- Record annual revenues amid 4.5% like-for-like growth
- Special dividend and buyback announced
- Long-term potential for 130 centres
The UK’s largest tenpin bowling operator Hollywood Bowl (BOWL) delivered another strong year of sales and profit growth and revealed an enhanced shareholder return policy including a special dividend and share buyback.
Shares in Hollywood Bowl gained 2% to 288p, a new 12-month high and closing in on the all-time high of 309p achieved before the pandemic.
Hollywood Bowl will soon become the sole publicly-traded tenpin bowling firm after rival Ten Entertainment (TEG:AIM) accepted an all cash 412.5p per cash offer from private equity firm Trive Capital on 6 December.
Revenues for the year to 30 September grew 16.2% on an underlying basis to a record £215.2 million driven by strong 4.5% like-for-like sales growth.
Spend per game grew 3.4% to £11.06 while like-for-like growth in amusements were up 7.3% and food spend per game increased 9.9% with most popular menu items kept at 2019 prices.
Adjusted EBITDA (earnings before interest, tax, depreciation, and amortisation) was 12.7% higher at £64.9 million.
Chief executive Stephen Burns commented: ‘This is another excellent performance for the group, achieved against an exceptionally strong prior year.
‘It reflects significant customer demand, as well as the success of our customer focused strategy. Innovation of our offer has led to growth across all our revenue lines while keeping our prices low, with a family of four able to bowl for £25.
‘We have continued to invest in and grow our estate, opening new centres in the UK and Canada where we see significant potential.’

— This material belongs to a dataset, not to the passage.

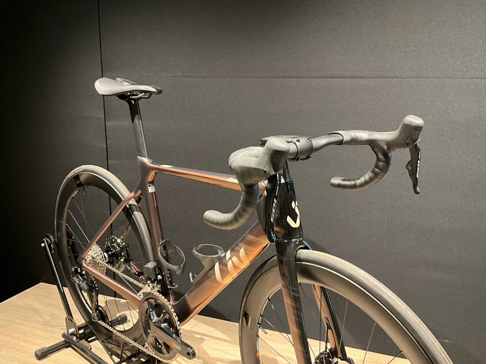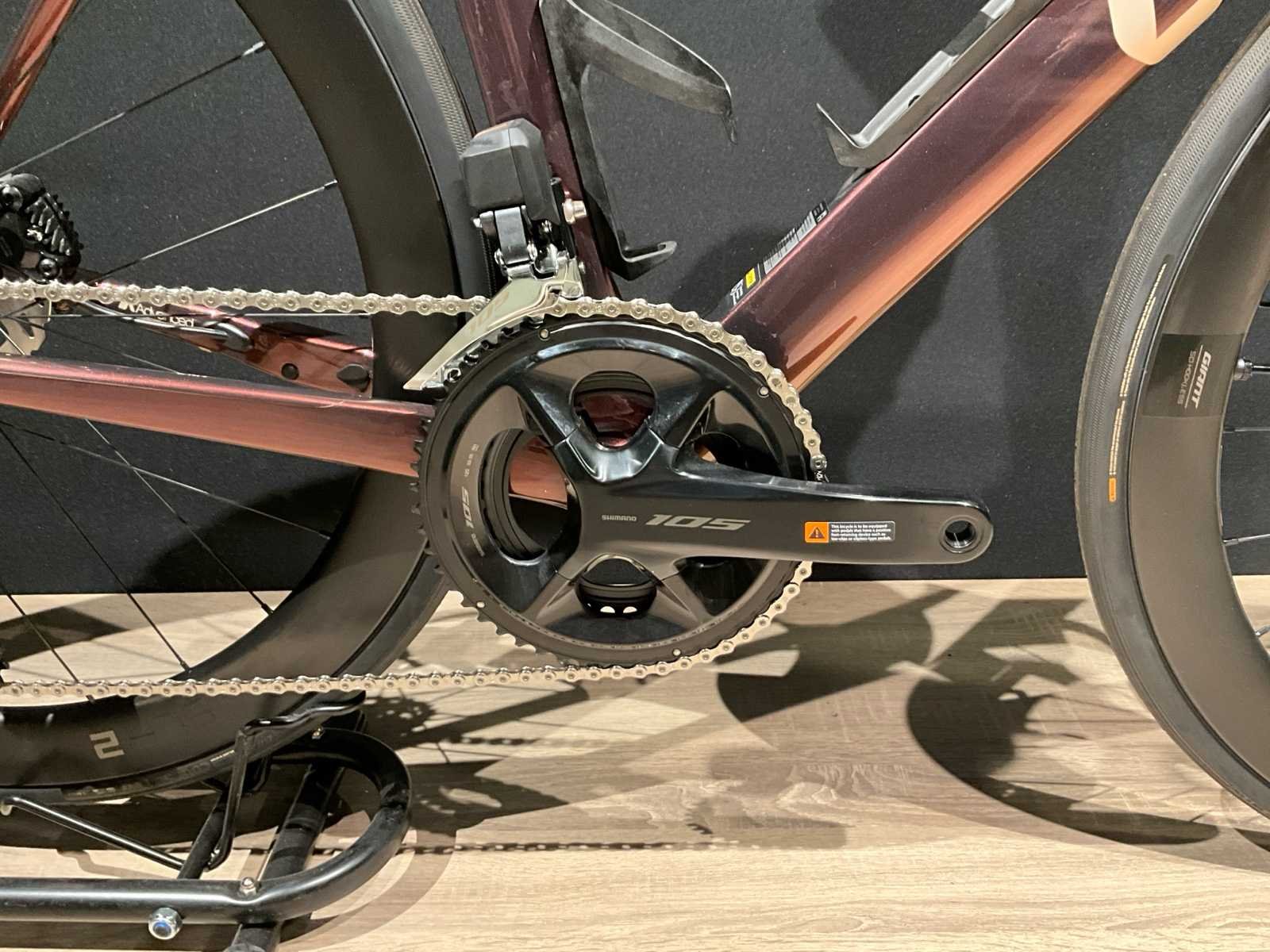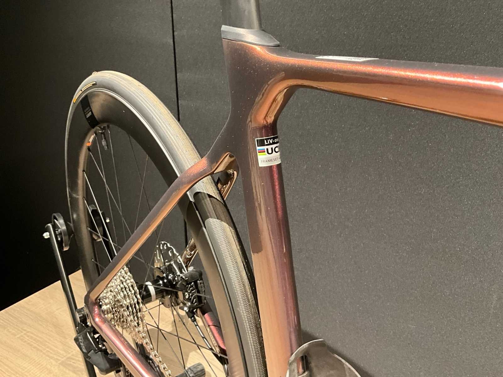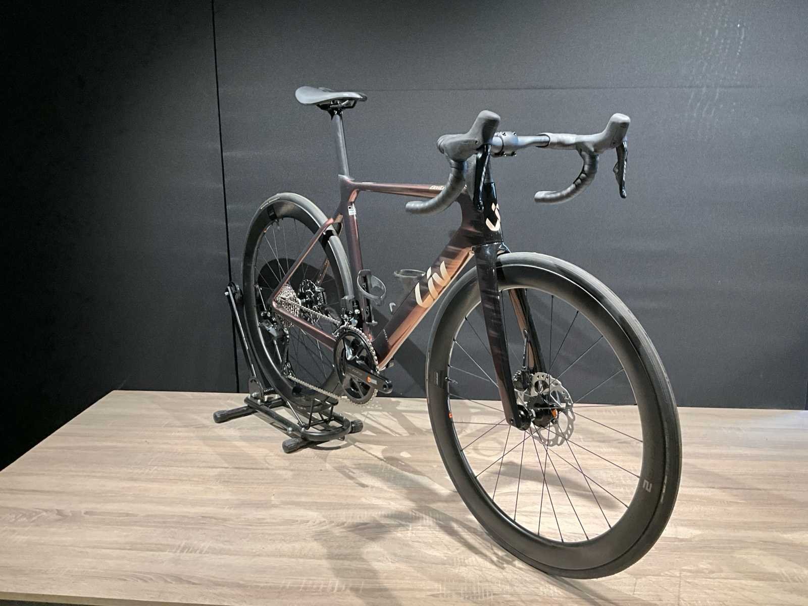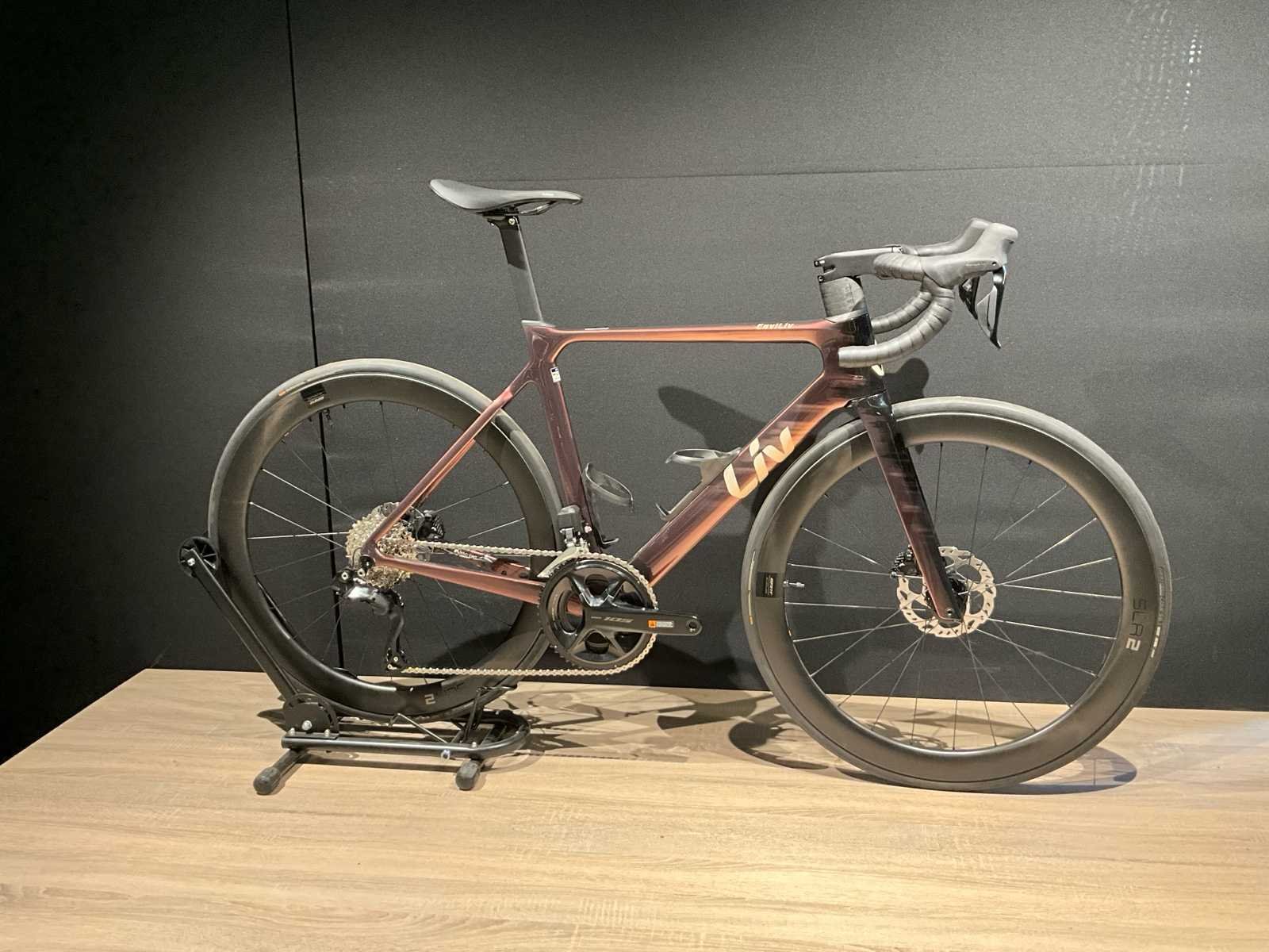 Nieuw en gemonteerd. Carbon frame / Shimano 105 di2 2x12sp / Carbon wielset SLR2 / Disc / Maat Small Zie foto’s voor meer details. No Merk: LIV Model: EnviLiv Advanced 1 S Mechanic Rose

NEW CAPITAL ALLOCATION POLICY
Reflecting a highly cash generative business, with £52.5 million of net cash on the balance sheet at the period end and a fully undrawn £25 million revolving credit facility, Hollywood Bowl increased the ordinary dividend from 50% to 55% of adjusted after-tax profit.
In addition, the group announced a share buyback of £10 million and a special dividend of 2.73p per share taking the full year pay out to 14.54p.
Buying back shares and cancelling them implies an uplift in 2024 earnings per share of around 2% according to Investec estimates.
Commenting on the increased dividend pay-out, Berenberg said: ‘This is despite expectations of higher capex and acquisition spend, further emphasising the resilience of the business model, which we view as a positive.’
AJ Bell investment director Russ Mould commented: ‘Bowling remains an affordable treat which gives people a release from the cares of everyday life and the performance of the nascent Canadian operation will only provide further encouragement for the company to pursue its expansion plans.’
Disclaimer: Financial services company AJ Bell referenced in the article owns Shares magazine. The author of the article (Martin Gamble) and the editor of the article (James Crux) own shares in AJ Bell.